There are excellent people here; I’ve worked with them. But they are fighting upstream against a default of low agency. When the process is bad, too many people collapse into it. Communication narrows to the shortest possible message. Friday after 2pm, the notary won’t reply — and the notary surely will blame labor costs or regulation for why service ends there. The bank will cite compliance for why they don’t need to do anything. The registrar will point at some law that allows them to demand a translation of a document by a court appointed translator. Everyone has a reason. No one owns the outcome.

Meanwhile, in the US, our counsel replies when it matters, even after hours. Bankers answer the same day. The instinct is to enable progress, not enumerate reasons you can’t have it. The goal is the outcome and the rules are constraints to navigate, not a shield to hide behind.

So what’s the point? I can’t fix politics. What I can do: act with agency, and surround myself with people who do the same and speak in support of it. Work with those who start from “how do we make this work?” not “why this can’t work.” Name the absurdities without using them as cover. Be transparent, move anyway and tell people.

Nothing stops a notary from designing an onboarding flow that gets an Austrian company set up in five days — standardized KYC packets, templated resolutions, scheduled signing slots, clear checklists, async updates, a bias for same-day feedback. That could exist right now. It rarely does or falls short.

Yes, much in Europe is objectively worse for builders. We have to accept it. Then squeeze everything you can from what is in your control:

  • Own the handoff. When you’re step 3 of 10, behave like step 10 depends on you and behave like you control all 10 steps. Anticipate blockers further down the line. Move same day. Eliminate ambiguity. Close loops.
  • Default to clarity. Send checklists. Preempt the next two questions. Reduce the number of touches.
  • Model urgency without theatrics. Be calm, fast, and precise. Don’t make your customer chase you.
  • Use judgment. Rules exist and we can’t break them all. But we can work with them and be guided by them.

Select for agency. Choose partners who answer promptly when it’s material and who don’t confuse process with progress.
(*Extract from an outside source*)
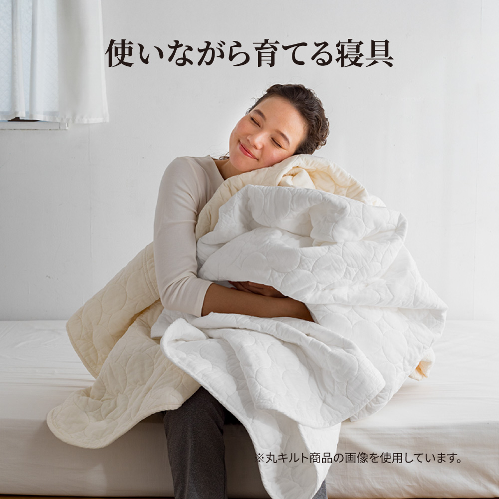 不純物を医療用レベルの純度まで取り除いたガーゼで、繊維が長く丈夫な脱脂綿を包みました。たっぷりの空気を含む構造が、夏はムレを防ぎ、冬は心地よい暖かさをキープ。オールシーズン使える汎用性も魅力です。季節の変わり目は暑さ寒さに1枚で対応。

The trap is not only regulation. It’s the learned helplessness it breeds. If we let friction set our standards, we become the friction. We won’t legislate our way to a US-style environment anytime soon. But we don’t need permission to be better operators inside a bad one.

That’s the contrast and it’s the part we control.


Postscript: Comparing Europe to the US triggers people and I’m concious of that. Maturity is holding two truths at once: they do some things right and some things wrong and so do we. You don’t win by talking others down or praying for their failure. I’d rather see both Europe and the US succeed than celebrate Europe failing slightly less.

And no, saying I feel gratitude and happiness when I get a midnight reply doesn’t make me anti-work-life balance (I am not). It means when something is truly time-critical, fast, clear action lifts everyone. The times someone sent a document in minutes, late at night, both sides felt good about it when it mattered. Responsiveness, used with judgment, is not exploitation; it’s respect for outcomes and the relationships we form.